Eşim dostum hiç yanıma gelmiyor

Yok mu mapushane beni arayan

Bu zindanda öleceğim zalim gardiyan!

Her hafta malum Külkedisi oluyordu. Sonra haşin erkeği onu öpünce ayakkabısının tekini bilerek bırakıp  saat 12.00’ye  kadar prenses oluyordu. Yalın ayak yaşamayı kim sevmezdi ki!

Yine külleri toplarken bir Neşet Ertaş türküsü ile unuttuğu yerden can yarısı denmez ama onun için can yarısı olan karın yarısı sızlattı en ince yerlerini. Sızdı incileri yol oldu mapushaneye belki de…

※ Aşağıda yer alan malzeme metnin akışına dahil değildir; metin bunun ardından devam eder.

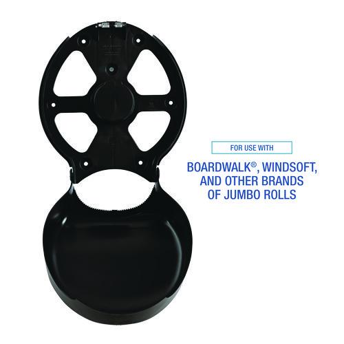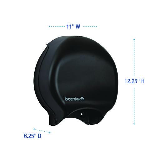 Attractive, user-friendly, single roll, toilet tissue dispenser is a great choice for public restrooms. The jumbo roll compatible size ensures patrons have toilet tissue when they need it with minimal maintenance. Designed to hold one jumbo roll, compatible with Boardwalk®, Windsoft®, and other brands of toilet paper. The dispenser provides easy access to paper and multi-directional tearing for easy use. Sleek and modern design seamlessly fits into nearly any restroom décor.

Doğumunda saatlerce masada bırakmıştı annesini. Annesi adını Burak koydu Çöle düşen Nur’un nurlu atı. İnsanlar ismini taşırdı. İsim seçerken yeni doğan veya doğacak bebeğe, buna ekseriyetle dikkat edilirdi, edilmeliydi… Öyle merhametli, gözyaşları hep hazır ve nazır, mavili, hareli gözler... Sevdiğini kucağına alıp da kapının girişinde :

- ‘Allahım’a bana bugünü göstermesi için ne kadar yalvardığımı bilemezsin’ diyen dudaklar... Adı gibi Naz’lı bir çift göz, derin bir bebek yürek babasına ağlayan ve Gamze’li yanaklar…

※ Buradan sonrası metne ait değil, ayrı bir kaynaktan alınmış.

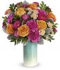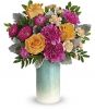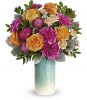 As alluring as the sparkling sea, this bright bouquet and stoneware vase with crackled aqua glaze is a stunning surprise for any occasion!

Ne istediyse savaşarak alan bir o kadar kaderine yenik düşen...

Acı hapishanede genç yaşın,

Senin zindanlarda neydi işin…

İnsan ne ederse kendine mi ederdi? Kendiyle beraber kimlere ederdi? Ne yediğini içtiğini değil de, en çok içinden neler geçtiğini, rüyalarında kimleri ayakta beklediğini düşünüyordu insan.

“Biz insanın kaderini kendi çabasına bağlı kıldık.”  Doğru muydu bu söz?

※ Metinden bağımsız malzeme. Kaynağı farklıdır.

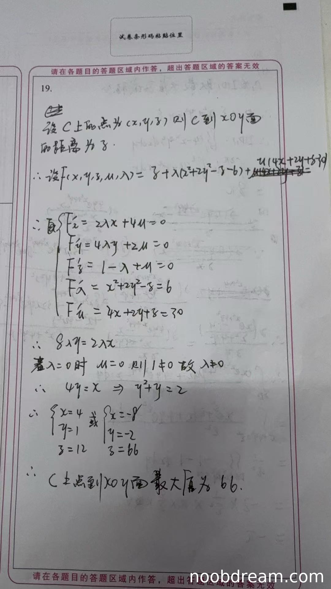 学生使用拉格朗日乘数法求解距离最大值,思路正确。但在构造拉格朗日函数时存在两处错误:

Sırlarla dolu şu yaşamda en çok aşk için ağlamıştı bu yeni versiyon Külkedisi.

Hemen hemen 3 -4 senede bir birisine ağlardı. Sonra başka aşkla doğar onun için ağlamaya başlardı falan filan. Ama şimdi ağladığı karındaşıydı. Durup durup içlendi... Düşününce, canını yakan düşüncelerden devamlı kaçmaya çalışırken, yakalandı.  Bu türkü, içini dağladı da ağladı.

Kalakaldı…

Bu zindanda ölmeyeceksin. Dişinle tırnağınla dayanacaksın... Ve akşam olunca kapıları kapayacağız, yoklama yapacağız ve sen ‘Burada’ evimizde olacaksın…

Saygılarımla...

 

 

 
Toplam blog
: 78
: 290
Kayıt tarihi
: 02.07.11
 
 

1980 yılının buhranlı Ankara' sında gözlerimi dünyaya açmışım. Babamın işi nedeniyle çocukluk yılla..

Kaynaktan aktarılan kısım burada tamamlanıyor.